Using an advanced 3-D root imaging system and software package developed by Clark in Kochian's lab (see sidebar), Jung and Clark are investigating root architectures – deep and narrow taproots vs. shallow, spreading root systems. By comparing the root and shoot trait data from each plant with each plant's genetic fingerprint using the SNP chip, McCouch and Mezey's labs are able to make associations between traits and the genes underlying those traits. "We now have a chance to get at the genes that determine these different root architectures," McCouch says.

Joshua Cobb, a graduate student in both Kochian's and McCouch's labs, is also using the genotyping power of the new SNP chips to understand the genetics of mineral and heavy-metal uptake in rice. Once he has all his data, he will try and identify what regions of the genome are associated with accumulation or exclusion of these nutrients, minerals and toxic metals such as arsenic and cadmium. "This has implications for human nutrition but also plant nutrition," says Kochian.

Rice grains compared

The O. rufipogon seeds, left, show wild traits such as black hulls and awns (bristles that deter bird predation), as compared with the U.S. Jefferson variety, a cultivated long grain rice with pale yellow hull, right. See larger image

Acidic soils affect half the world's potentially arable land, mostly in the tropics and subtropics. Aluminum in acidic soils becomes toxic to life and binds up phosphorus, creating phosphorus deficiency. "It inhibits root expansion and cell division, and you end up with a stunted and damaged root system that can't take up water and nutrients," adds Kochian.

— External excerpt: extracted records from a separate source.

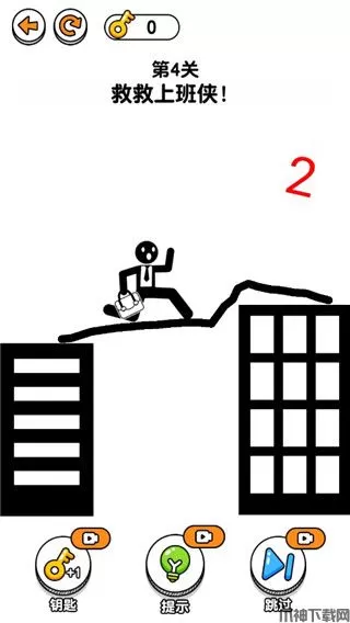 3、第四关,画一条直线将两个平台连接起来。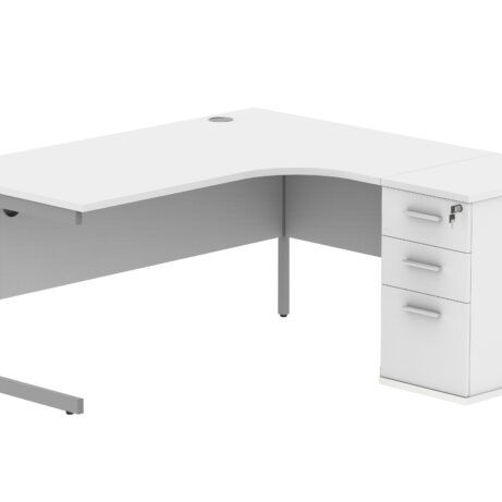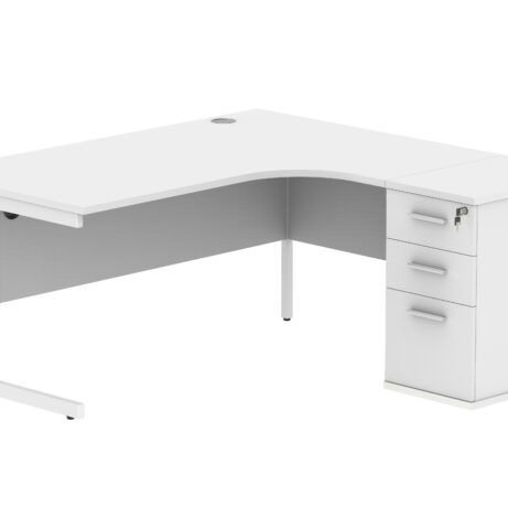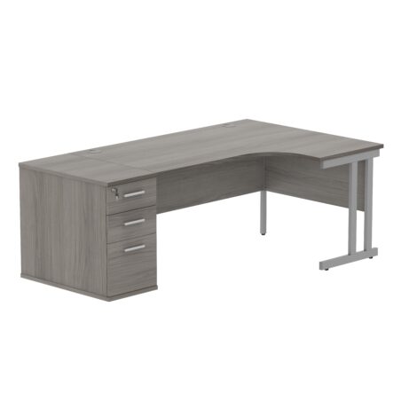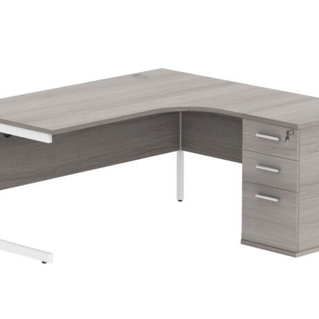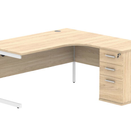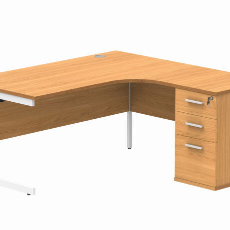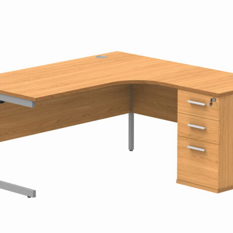 Robust, FSC-certified desk with built-in storage featuring a steel double upright frame and a right-hand radial work surface. The desk high pedestal provides essential storage, while adjustable feet ensure stability on uneven floors. With a wooden top finish and wooden back panel, this desk combines durability with a professional look. Dimensions: 1600mm W x 1200mm D x 730mm H.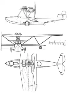 The Fokker B.I was a reconnaissance flying boat built in the Netherlands in 1922.[1] The B.I was followed by an improved version, the B.III in 1926. It was a conventional biplane flying boat design, with staggered sesquiplane wings braced by struts arranged as a Warren truss. The engine was mounted pusher-wise on the top wing. The duralumin hull featured three open cockpits - one at the nose for a gunner, one in front of the lower wing for the pilot and engineer and one behind the wings for another gunner. The B.I was amphibious, equipped with main undercarriage that folded back along the hull, but this feature was omitted in the B.III. The B.I was flown in the Dutch East Indies by the Naval Air Service for a number of years, and although it gave good service, no further examples were ordered from Fokker.[2]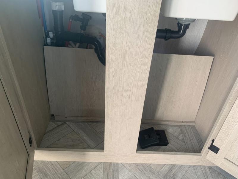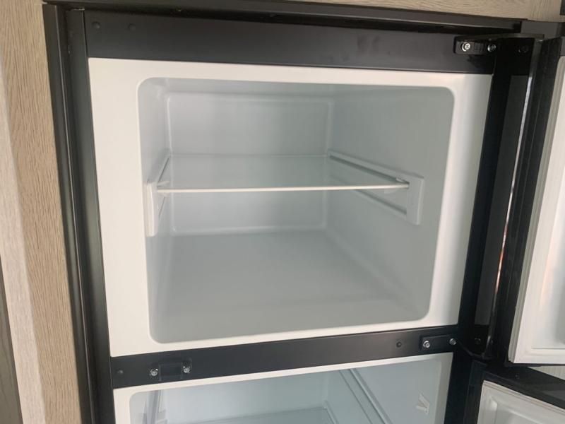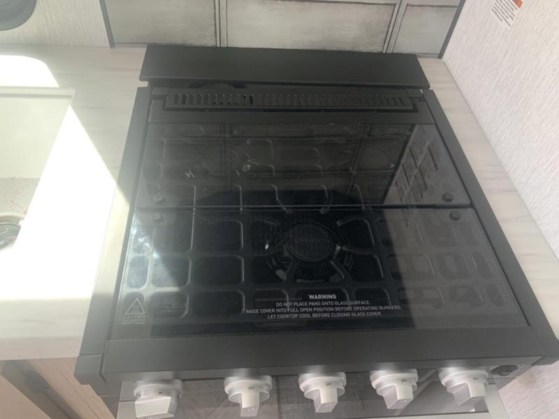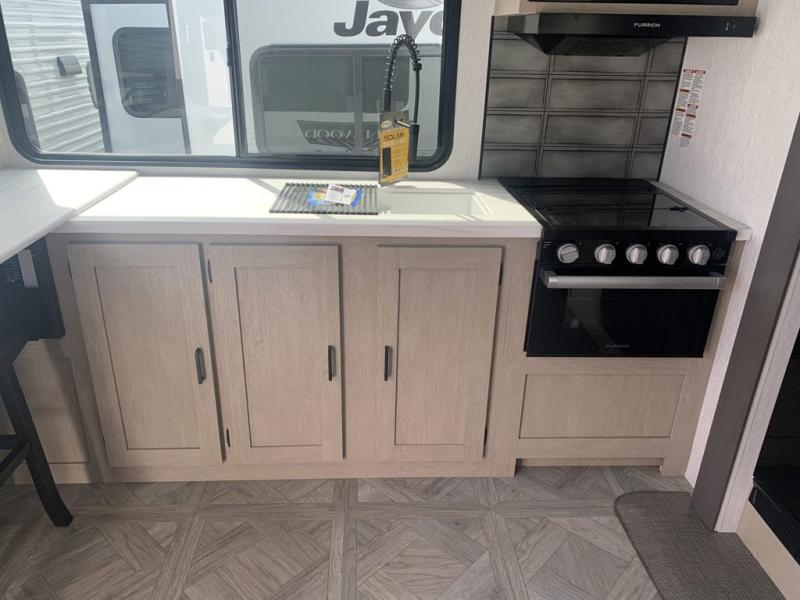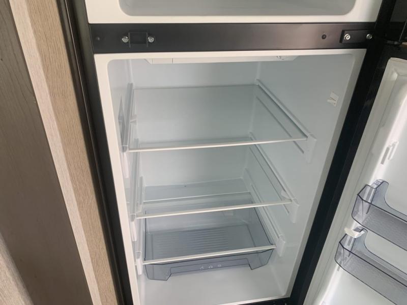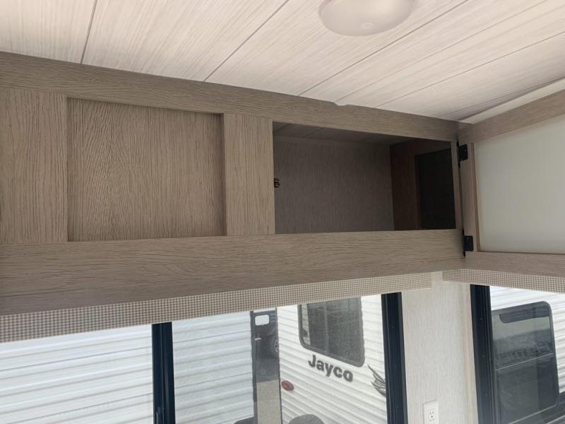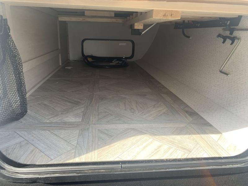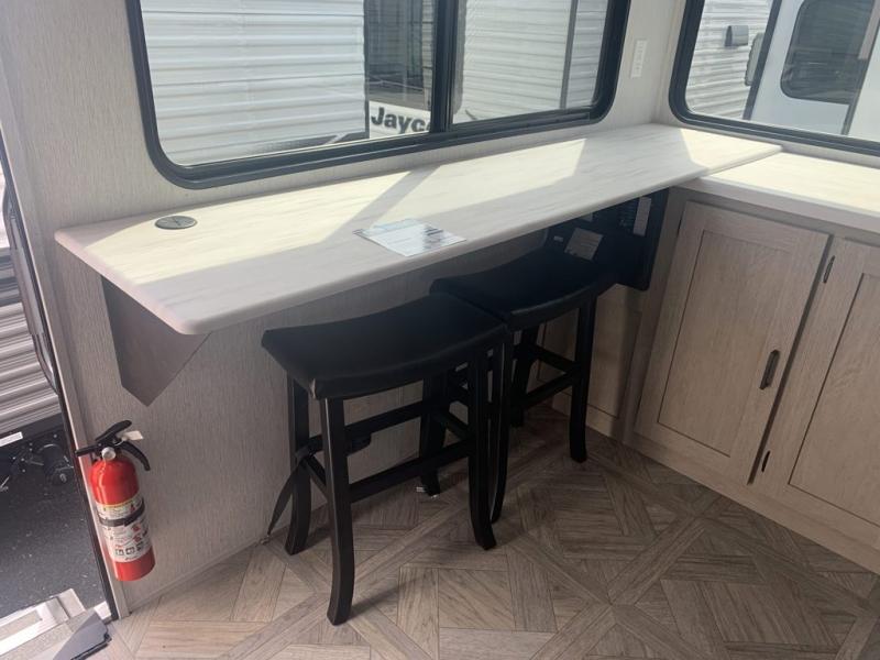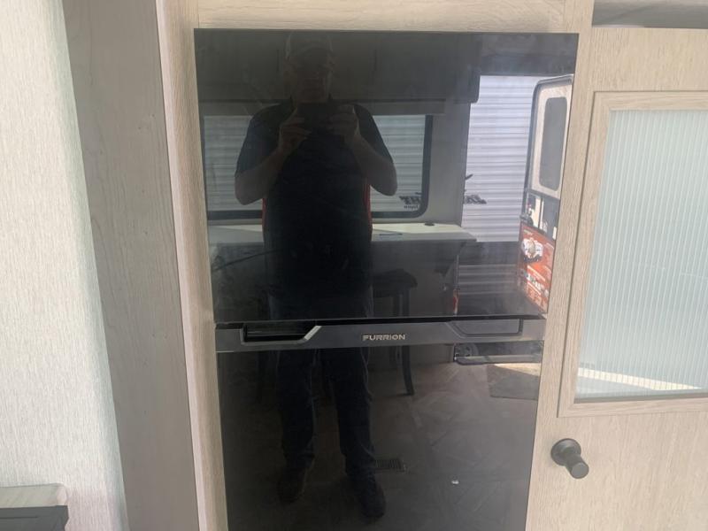 You're going to love cooking in the rear kitchen of this travel trailer! It has everything you need to prepare delicious home cooked meals including a large pantry and oversized fridge, plus there are two bar stools to sit on while you enjoy them. The theater seating is conveniently across from the swiveling entertainment center which has hidden shelves behind it for your games and movies. As you walk-through the bathroom, you will notice a walk-in shower to the left and a toilet and sink to the right. It leads directly into the front private bedroom which has a Versa-Tilt custom king bed to lay your head on at night and wardrobes/nightstands on either side for your items!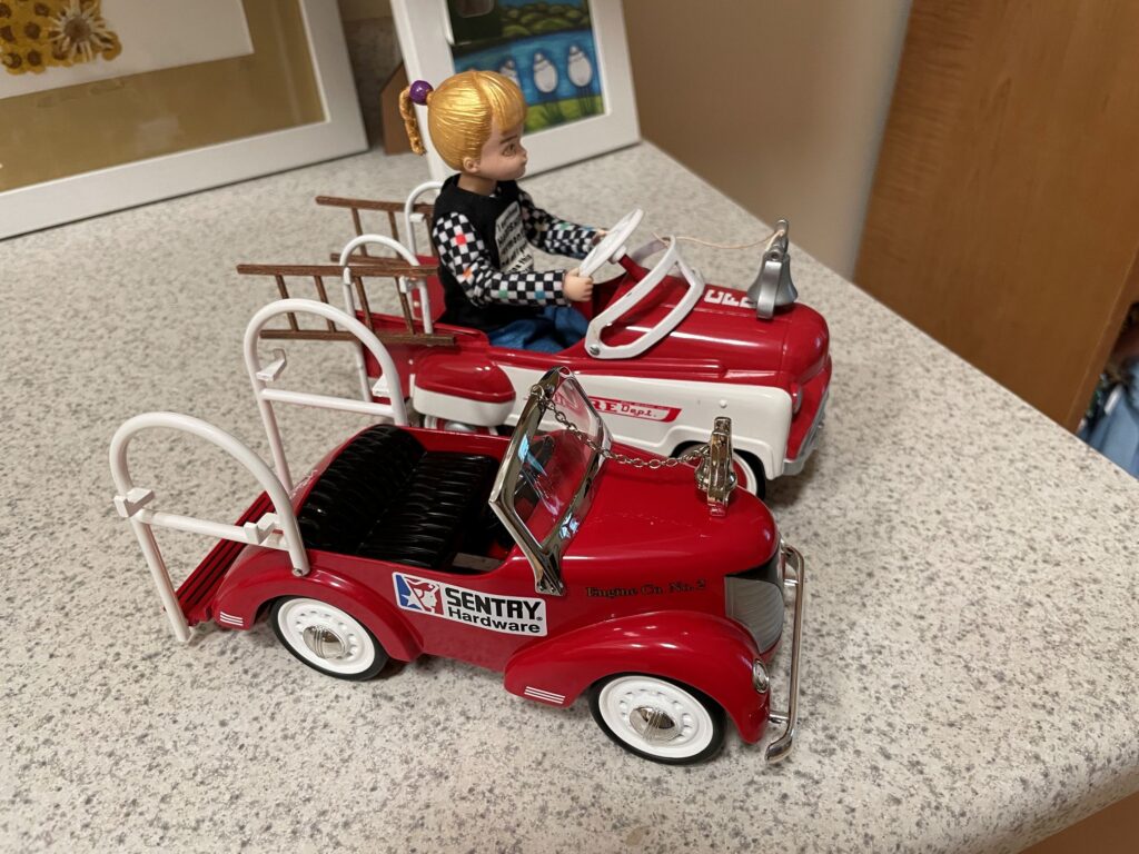 Now I wanted to upgrade the fire engine pedal car replica that I had originally gotten for something that I could more easily use with my dolls. Time to purchase another Hallmark replica, this time of a 1955 Murray fire truck, which arrived today. Comparison shots below.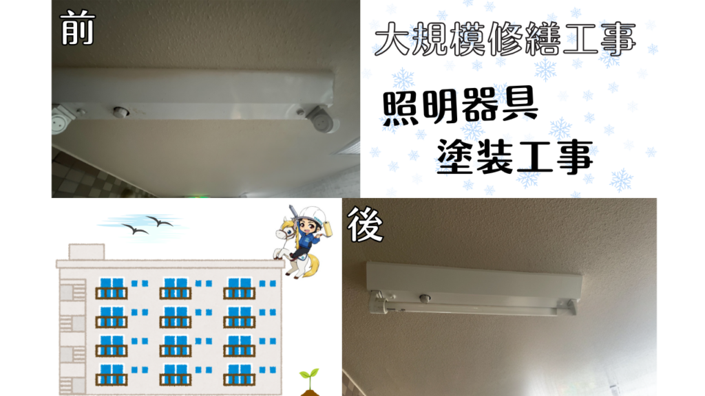 豊中市 4階建てマンション 大規模修繕工事 照明器具 塗装工事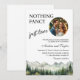 Um convite elegante para o casamento com montanhas de aquarelas e pinheiros que você pode personalizar com seus detalhes.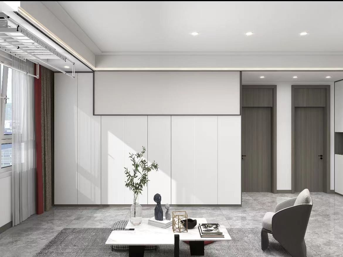 客厅采用无主灯极简大横厅 温柔明亮的灰色系。
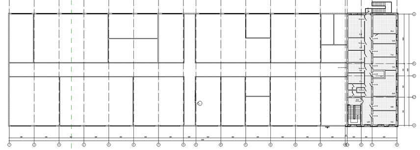Производственный цех запроектирован одноэтажным, без подвала, коридорного типа, прямоугольной конфигурации в плане с размерами в осях 27,0х81,0м. К производственному цеху примыкает здание АБК. Здание АБК двухэтажное, без подвала, коридорного типа, прямоугольной конфигурации в плане с размерами в осях 12,0х27,0м.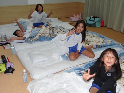 青年の家に帰ると、夕食とお風呂が待っています。海東小と時間を分けて対応するので、待っている間は各部屋で楽しく過ごしているようでした。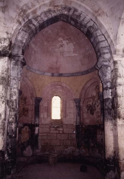 Eglise romane s'ouvrant par un porche à trois arcades surmontées d'un entablement sur lequel reposent cinq arcades. Chaque arcade est soutenue par trois colonnettes à chapiteaux sculptés de personnages et animaux. La nef a été surbaissée depuis la suppression de la voûte primitive, remplacée par une voûte en bois. Clocher sous coupole. Le choeur est orné de quatre gros piliers granit à chapiteaux sculptés.
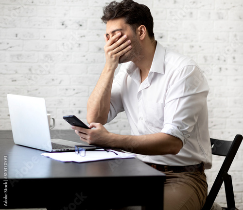 Stressed man working on laptop at home. Distance work concept

McCouch, Kochian and their graduate students have also used SNPs to identify genes from divergent strains of rice that confer greater aluminum tolerance and have bred them into rice cultivars that are grown throughout the tropics. Soon, another McCouch and Kochian graduate student, Juan David Arbalaez, will take these new rice lines to Colombia and Indonesia where he will test them in the field for aluminum tolerance under naturally acid soil conditions.

McCouch also has begun collaborating with Cornell agronomist John Duxbury and Bangladeshi soil scientists and rice breeders to identify SNPs related to arsenic tolerance, aiming to reduce arsenic uptake in rice in Bangladesh, where the toxin exists naturally in soils and taints groundwater.

Above all, McCouch stresses that her role is not to produce new, finished varieties of rice, but to give breeders the genomic tools, strategies and enhanced varieties they will need to ensure an abundance of this essential crop by midcentury. "We are working against time to enhance both the productivity and the sustainability – or the resource-use efficiency – of rice production," she says.